In that sense, Honor’s foldable phones are like brand new Magic V6walking so that the Robot Phone can run (or at least spin on a three-axis gimbal). The same material used by Honor for its folding hinges — super steel and titanium alloy — is now inside the micro motor, which is 70% smaller than anything currently available on the market.

This isn’t the hardest part of building the Robot Phone. “Space is the ultimate challenge, because inside a flagship smartphone, every millimeter counts,” Bai said. Despite this, Honor does not need to make any compromises, he added.

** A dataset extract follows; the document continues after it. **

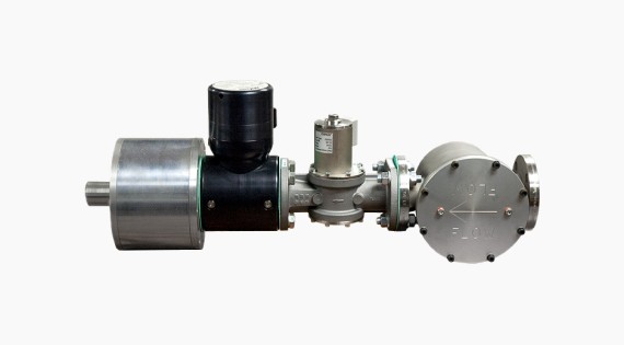 The GTI+ system utilizes a fully electronic, advanced gas train design, which includes the Altronic AGV5 Fuel Valve, a microprocessor-based smart valve equipped with a fast-acting voice coil for rapid and accurate response. The AGV5 serves as both the zero governor pressure controller and fuel valve to control the bi-fuel substitution rate across the engine load range. The valve responds in closed-loop control to an electronic pressure signal within the mixer housing, ensuring that the fuel demand at the mixer is satisfied at any given time and eliminating pressure droop associated with pneumatic pressure control systems. This closed-loop control minimizes the effects of pressure drops between the outlet of the gas train and the mixer inlet. This allows the desired substitution rates to be met, while maintaining the fundamental safety characteristics of a zero pressure draw-through design. The AGV5 is a proven design that has been utilized as the fuel control device in hundreds of gas engine applications. Its soft-seat poppet is highly tolerant of gas stream contamination and offers fail safe reliable service. Since the AGV5 is rated to a higher pressure, the gas train can accept gas supply pressure of up to 50 psig, eliminating the need to reduce higher gas supply pressures to lower gas train inlet pressures with an added primary regulator. The new enhanced gas train also uses a highly reliable, automatic, fast-acting, industrial shutoff valve to provide dual shutoff capability. The actuator is equipped with the ability to visually confirm the OPEN/CLOSED position of the valve.

“Everyone says, if you want to put a gimbal on a phone, you have to sacrifice battery life,” Bai said. Once again, the skill Honor has got in making the ultra-thin, ultra-hungry foldables is at play here. It’s the same tech silicon-carbon battery that the power of the V6 is inside the Robot Phone.

The target market for the Robot Phone, which Honor wants to start selling in the second half of this year, is clearly content creators; the type of people who currently use a DJI Osmo Pocket. It certainly gets their attention — nobody wants to carry two devices when one does — but people who own Osmos tend to have high standards for image quality.

Will Robot Phone be able to pair with Osmo? “Sure,” said Bai. “We are very confident about our video quality.” He pointed to the newly announced partnership with Honor Arri, a camera company loved by cinematographers for its pro-level shooting, as well as the current capabilities of the company’s phone camera. “It will all be implemented inside the Robot Phone,” he said.

The 200-megapixel sensor, combined with stabilization and what Honor calls AI Spinshot (intelligent 90- and 180-degree rotational movement for fluid, cinematic transitions) is excellent, but we have to put it to the test ourselves to be sure.

In my short demo time with the phone, I can say that it was definitely able to swivel fast enough to follow me as I moved, and I definitely appreciated the compliments it gave me not only on my hair, but on my outfit, which it said was ideal for a slightly cold and cloudy day in Barcelona.

At the end of my demo, while the Robot Phone and I were dancing next to the Believers by Imagine DragonsI almost felt like we were friends. It certainly wouldn’t have been my first choice of song, but that’s the part of true friendship – you sometimes have to accept each other’s bad taste in music in order to bond.